WHAT THE TASK ASKS
Reproduce the entries that follow exactly, dropping each image.

RECORD EXTRACTS
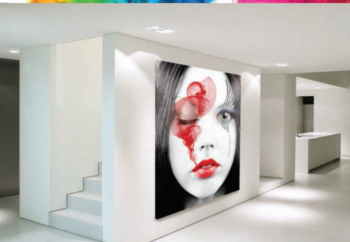
In-house decoration – dibond
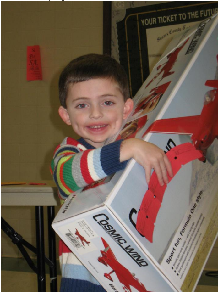
This little guy came to party expecting to win a plane – Santa made his dream come true.
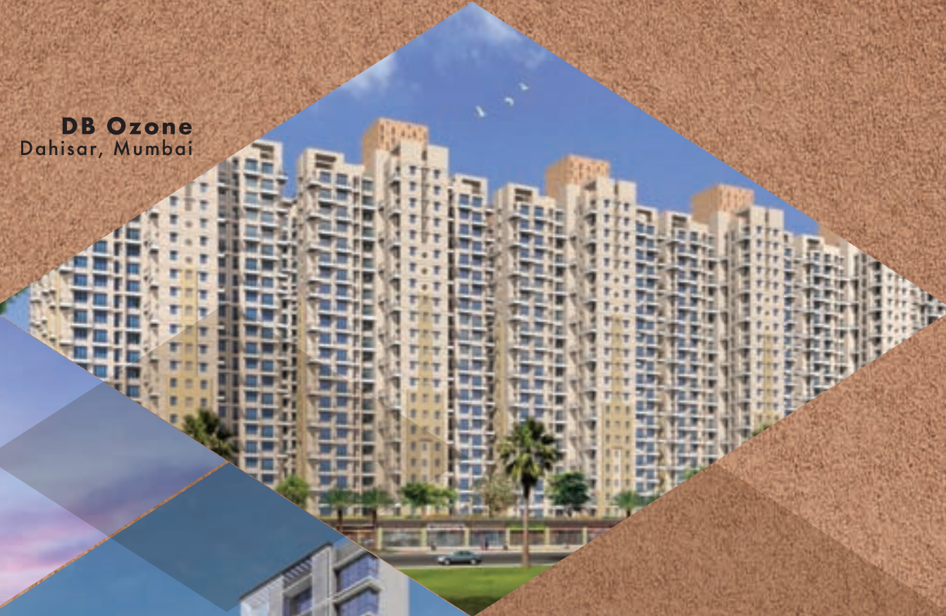
DB Ozone Dahisar, Mumbai
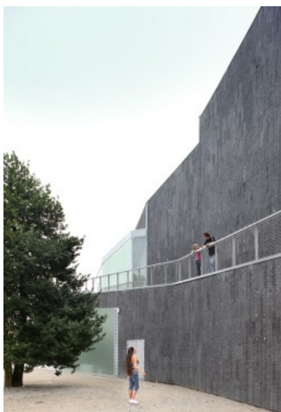
Â© Filip Dujardin
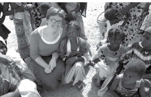
TOP: Afghanistan, April 2007. INSET: Working at a food distribution site in Niger during the food crisis of 2005.

Lindsay's home base is currently in Guelph, Ontario, but her passport and suitcase are never put too far away.
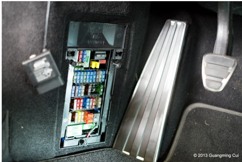
View of the fuse box area (981, others similar)
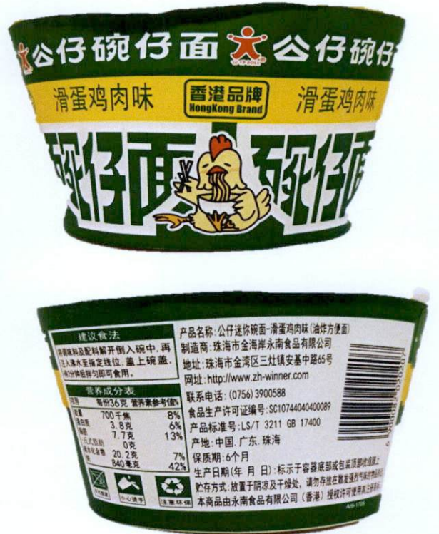
Figure 3. Unregistered DOLL BRAND Bowl Noodle Egg and Chicken Flavor
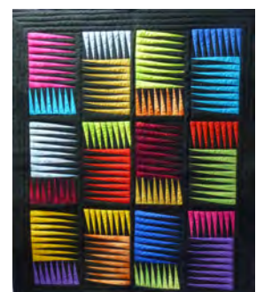
Rather Pointy Saturday 18 th February

SOLVED PROBLEM
In-house decoration – dibond
This little guy came to party expecting to win a plane – Santa made his dream come true.
DB Ozone Dahisar, Mumbai
Â© Filip Dujardin
TOP: Afghanistan, April 2007. INSET: Working at a food distribution site in Niger during the food crisis of 2005.

Lindsay's home base is currently in Guelph, Ontario, but her passport and suitcase are never put too far away.
View of the fuse box area (981, others similar)
Figure 3. Unregistered DOLL BRAND Bowl Noodle Egg and Chicken Flavor
Rather Pointy Saturday 18 th February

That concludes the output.